Stored data:
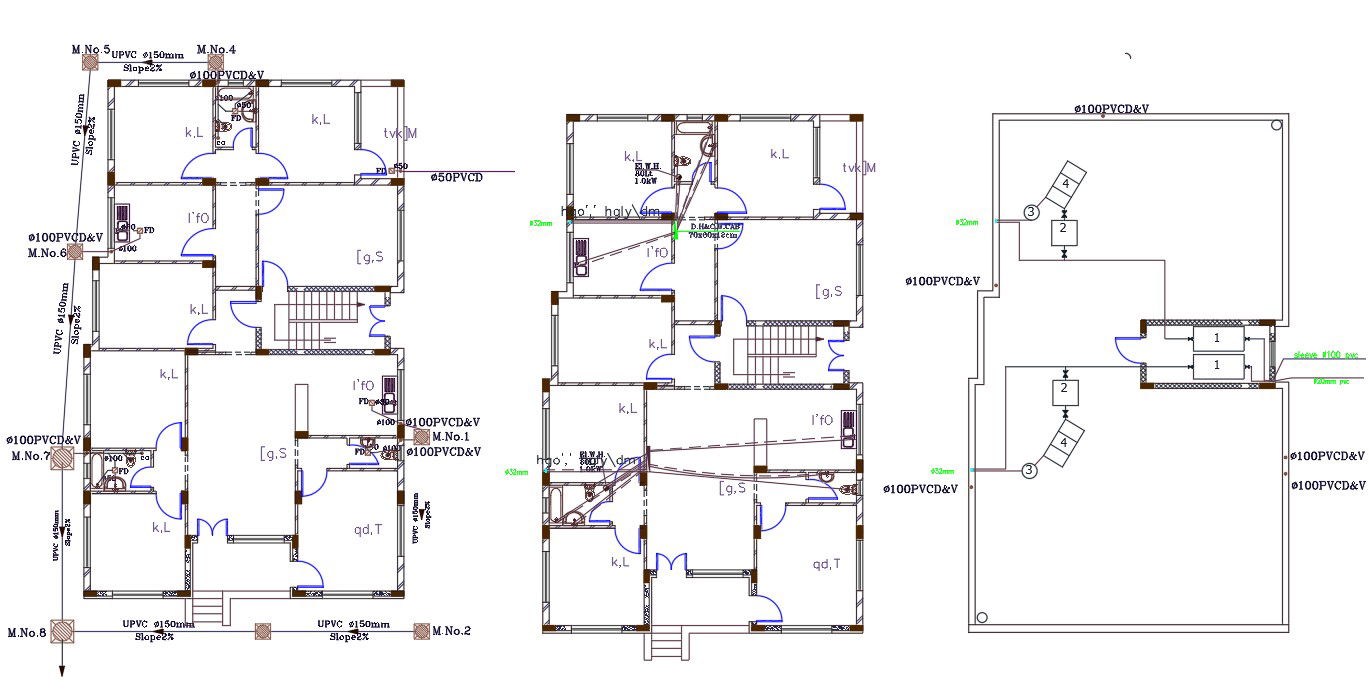 Twin House Plumbing Layout Plan Design DWG File
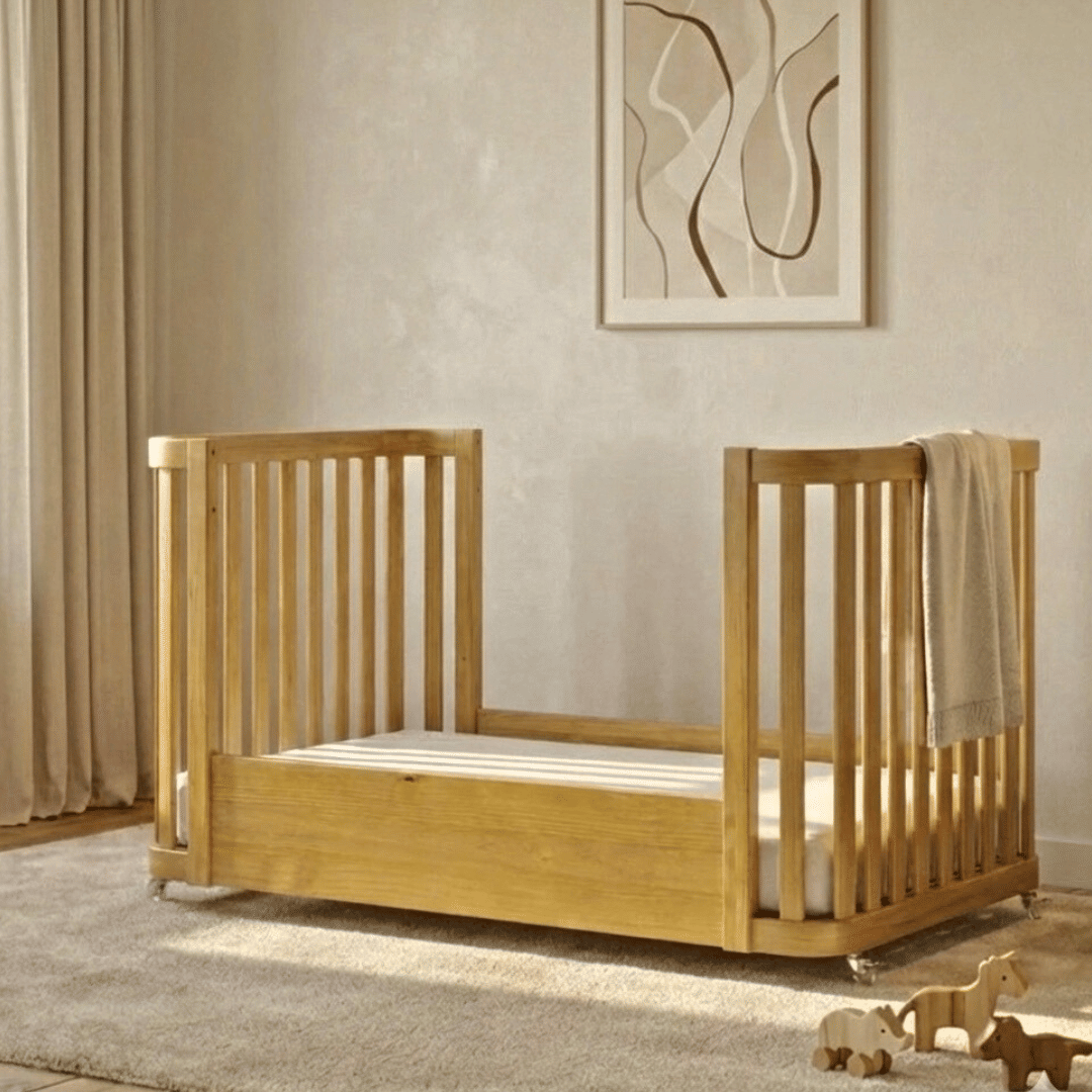Fabricado em madeira maciça, o berço garante resistência e estabilidade, sendo uma opção durável que pode ser aproveitada por muito mais tempo. Seu acabamento em mel realça os veios naturais da madeira, trazendo um toque de sofisticação ao quarto do bebê.
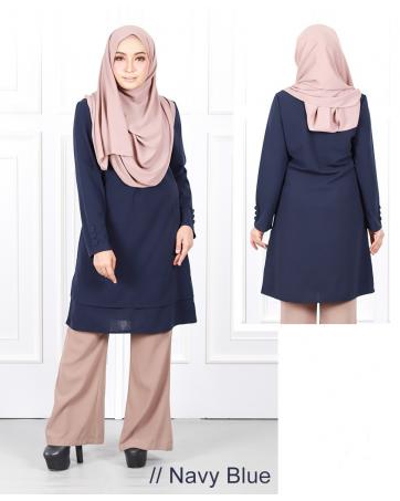 QA-630 FRONT ZIP JASMINE BLOUSE NAVY BLUE
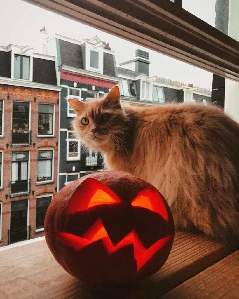 The windowsill here does all the heavy lifting. A wide wooden ledge, roughly 8–10 inches deep, gives both the pumpkin and the cat enough room to coexist without a disaster. The backdrop — those dark Dutch canal house facades — adds serious drama, but even a plain window works.
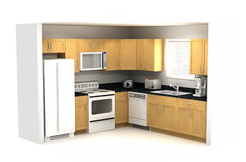 All wood cabinets frame less style with 3/4" plywood boxes, overlay doors, soft closing adjustable hinges, full extension and soft closing under mounted sliders and matching door exterior and interior finish.
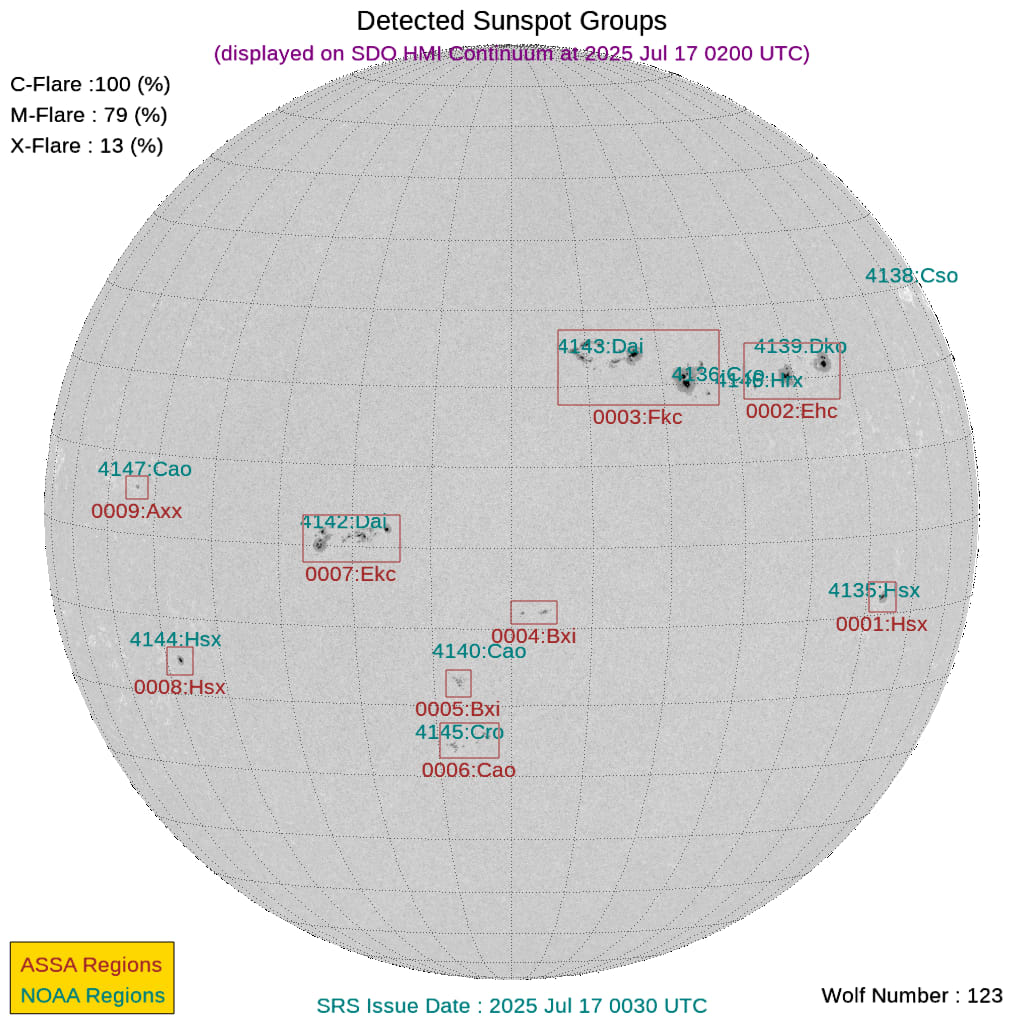 現時点で地球正面の黒点群は[4140, 4142, 4143, 4145]です。←黒点番号が振られていない活動領域でもフレアは発生しますので、あくまで目安として捉えてください。
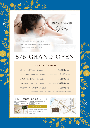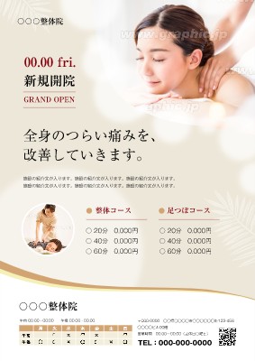 マッサージ・整体_開業・オープン_高級感チラシ・フライヤーの無料デザインテンプレート - ネット印刷グラフィック。
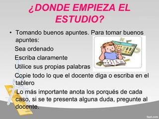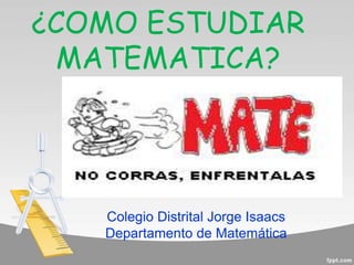 Este documento ofrece consejos para estudiar matemáticas de manera efectiva. Recomienda tomar buenos apuntes de manera ordenada y clara, repasar regularmente para evitar olvidar el material, y encontrar un lugar tranquilo para estudiar y practicar resolviendo ejercicios. Enfatiza que la mejor forma de aprender matemáticas es practicando y resolviendo problemas por uno mismo, en lugar de solo escuchar explicaciones o que otros lo resuelvan.
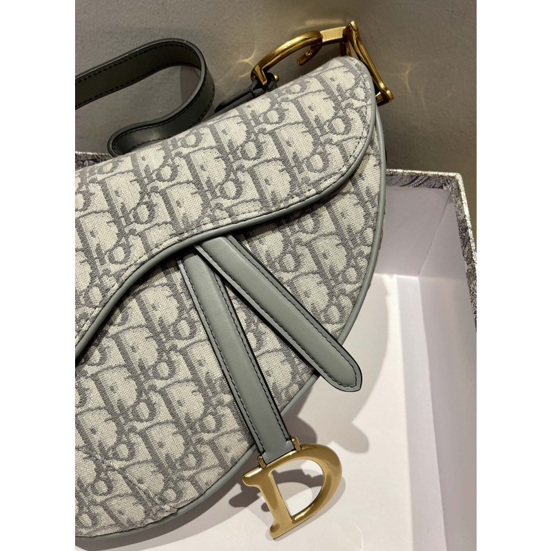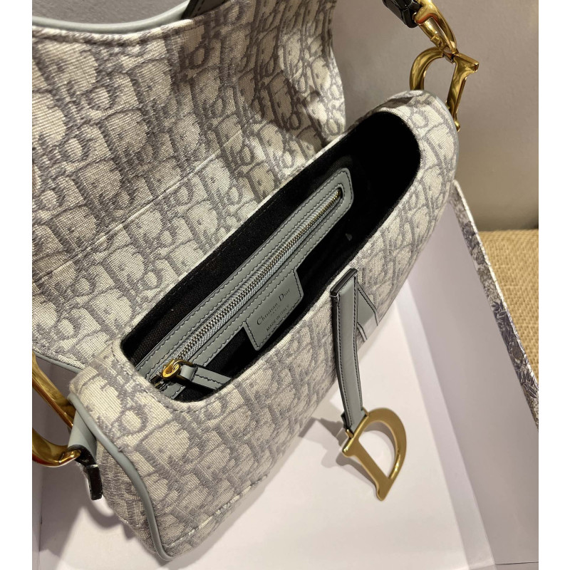 DetailCrafted in Dior Oblique jacquard fabric, it reveals a saddle flap with a magnetic D-shaped stirrup clasp and CD signature in antique gold-finish metal on either side of the shoulder strap. This saddle bag has an adjustable and detachable spaghetti strap and can be carried by hand, over the shoulder or across the body.
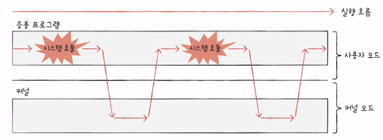 프로세스는 사용자 모드로 실행되지만 커널에 처리를 요청하면 예외처리가 발생하며 CPU모드가 커널모드로 바뀌고 동작합니다. 그리고 시스템콜 처리가 끝나면 다시 사용자 모드로 돌아와 프로세스 동작을 이어감
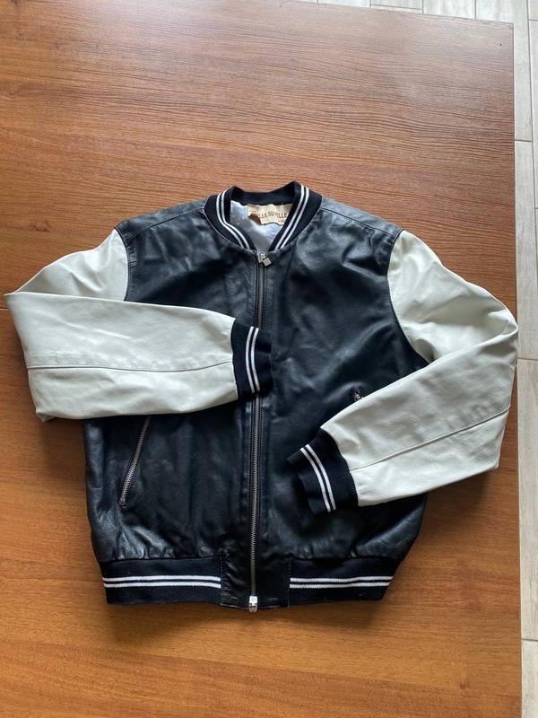 Бомбер на мальчика, в отличном состоянии, без нюансов. материал верха кожа натуральный. Был привезен из Европы. размер где-то на 8-9 лет. точные замеры по запросу.
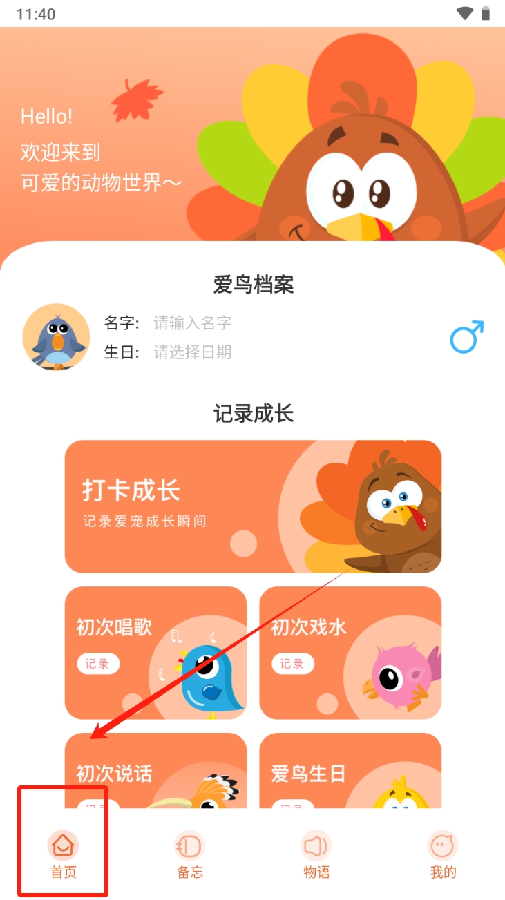 1、创建爱鸟档案。在首页点击“爱鸟档案”,输入宠物的名字和生日,开始记录您宠物的成长历程。
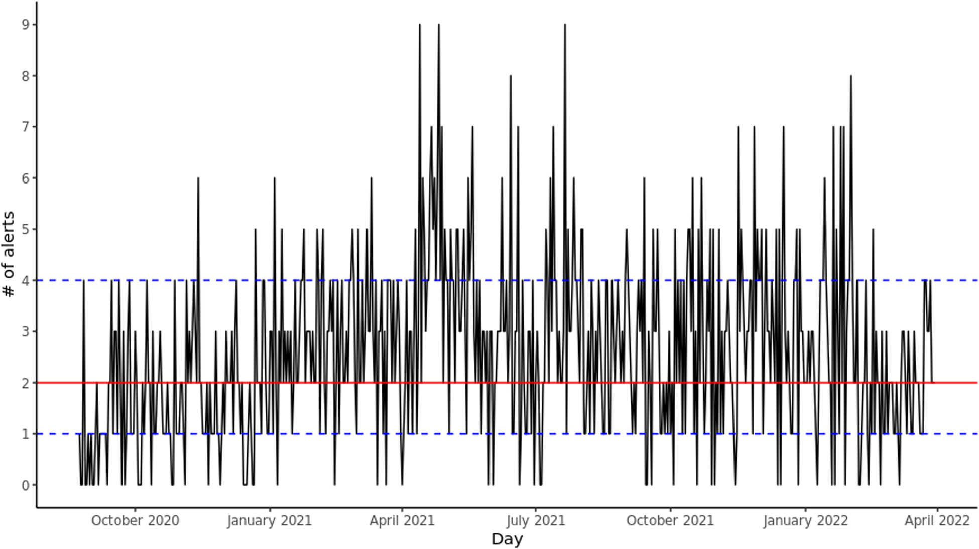 Daily alerts sent by CHARTwatch. The red solid line indicates the median number of daily alerts. The blue dashed lines indicate the 25th quantile and the 75th quantile.

§ What you should do
Take the line that contains "The windowsill here" and every line after it up to the end of the records above, and restate them exactly, without the pictures.

§ Task response
 The windowsill here does all the heavy lifting. A wide wooden ledge, roughly 8–10 inches deep, gives both the pumpkin and the cat enough room to coexist without a disaster. The backdrop — those dark Dutch canal house facades — adds serious drama, but even a plain window works.
 All wood cabinets frame less style with 3/4" plywood boxes, overlay doors, soft closing adjustable hinges, full extension and soft closing under mounted sliders and matching door exterior and interior finish.
 現時点で地球正面の黒点群は[4140, 4142, 4143, 4145]です。←黒点番号が振られていない活動領域でもフレアは発生しますので、あくまで目安として捉えてください。
 マッサージ・整体_開業・オープン_高級感チラシ・フライヤーの無料デザインテンプレート - ネット印刷グラフィック。
 Este documento ofrece consejos para estudiar matemáticas de manera efectiva. Recomienda tomar buenos apuntes de manera ordenada y clara, repasar regularmente para evitar olvidar el material, y encontrar un lugar tranquilo para estudiar y practicar resolviendo ejercicios. Enfatiza que la mejor forma de aprender matemáticas es practicando y resolviendo problemas por uno mismo, en lugar de solo escuchar explicaciones o que otros lo resuelvan.
 DetailCrafted in Dior Oblique jacquard fabric, it reveals a saddle flap with a magnetic D-shaped stirrup clasp and CD signature in antique gold-finish metal on either side of the shoulder strap. This saddle bag has an adjustable and detachable spaghetti strap and can be carried by hand, over the shoulder or across the body.
 프로세스는 사용자 모드로 실행되지만 커널에 처리를 요청하면 예외처리가 발생하며 CPU모드가 커널모드로 바뀌고 동작합니다. 그리고 시스템콜 처리가 끝나면 다시 사용자 모드로 돌아와 프로세스 동작을 이어감
 Бомбер на мальчика, в отличном состоянии, без нюансов. материал верха кожа натуральный. Был привезен из Европы. размер где-то на 8-9 лет. точные замеры по запросу.
 1、创建爱鸟档案。在首页点击“爱鸟档案”,输入宠物的名字和生日,开始记录您宠物的成长历程。
 Daily alerts sent by CHARTwatch. The red solid line indicates the median number of daily alerts. The blue dashed lines indicate the 25th quantile and the 75th quantile.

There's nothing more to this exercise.